7. Third Party Relationships and Cross-Border Data Transfer
   i. Data Processing Agreements (DPA)
   DPAs must explicitly identify the parties, the purpose, the scope, and the lawful basis for processing. Even sole proprietors or agents handling sensitive data must undergo training in data protection.
   ii. Cross-border Transfers
   Part VIII of the NDPA governs all cross-border transfers of personal data from Nigeria. Cross-border transfers are permitted on specific grounds: an adequacy decision by the NDPC, an approved Cross-Border Data Transfer Instrument (CBDTI), or other lawful bases (e.g., explicit consent, necessity for legal claims). The GAID provides a Schedule for assessing adequacy and interim guidance pending formal instruments.
8. Enforcement and complaints
   If the Commission opens an investigation, it will issue a notice and expect the respondent to reply (typically within 21 days). The GAID also introduces a Standard Notice to Address Grievance (SNAG) for data subjects and civil society to issue complaints before regulatory escalation.
   Practical Compliance Checklist
   • Organisations are advised to determine their classification under the GAID as Ultra-High Level, Extra-High Level, or Ordinary-High Level, since classification determines applicable compliance obligations.
   • Entities established before 12th June 2023 shall file their Compliance Audit Returns (CARs) not later than 31st March each year, while entities established thereafter shall file their first CAR within fifteen months of incorporation and subsequently on an annual basis.
   • A qualified Data Protection Officer (DPO) with adequate authority and resources must be appointed to submit semi-annual internal compliance reports.
   • Data Privacy Impact Assessments (DPIAs) are to be conducted for high-risk processing operations identified by the GAID, endorsed by a certified DPO, and incorporated into the CAR.
   • Privacy notices, cookie consent mechanisms, and retention policies should be reviewed to ensure conformity with GAID requirements on visibility, consent, and the six-month storage limitation, except where lawful grounds justify extended retention.
   Conclusion
   The GAID materially raises sectoral and procedural expectations for organisations handling Nigerian data.

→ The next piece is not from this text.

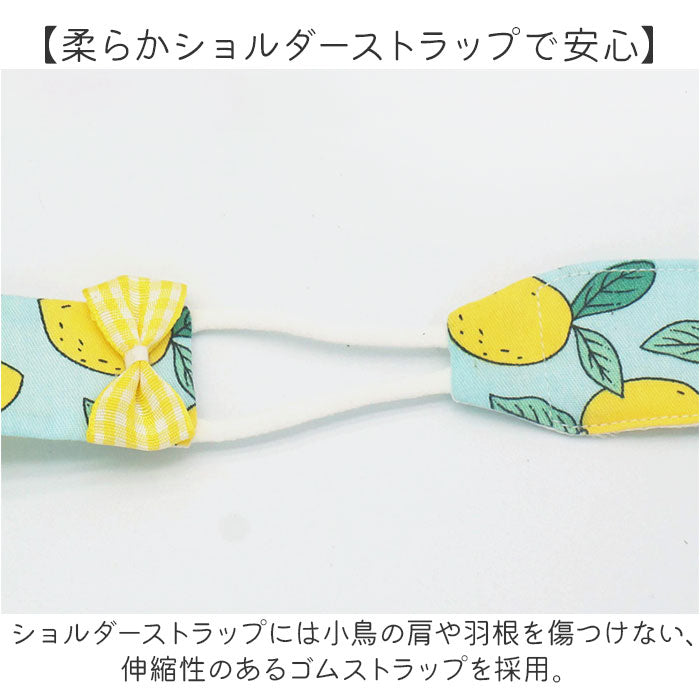 ・ショルダーストラップには小鳥の肩や羽根を傷つけない、伸縮性のあるゴムストラップを採用。

It combines prescriptive administrative requirements (CARs, fees, credential verification) with substantive controls (DPIA, storage limitation, cookie consent). While the GAID sharpens enforcement clarity, some interpretive issues remain (notably the NDPR transition). Businesses should treat the GAID as binding operational guidance and align policies, DPO resourcing, DPIA practice and CAR calendar without delay.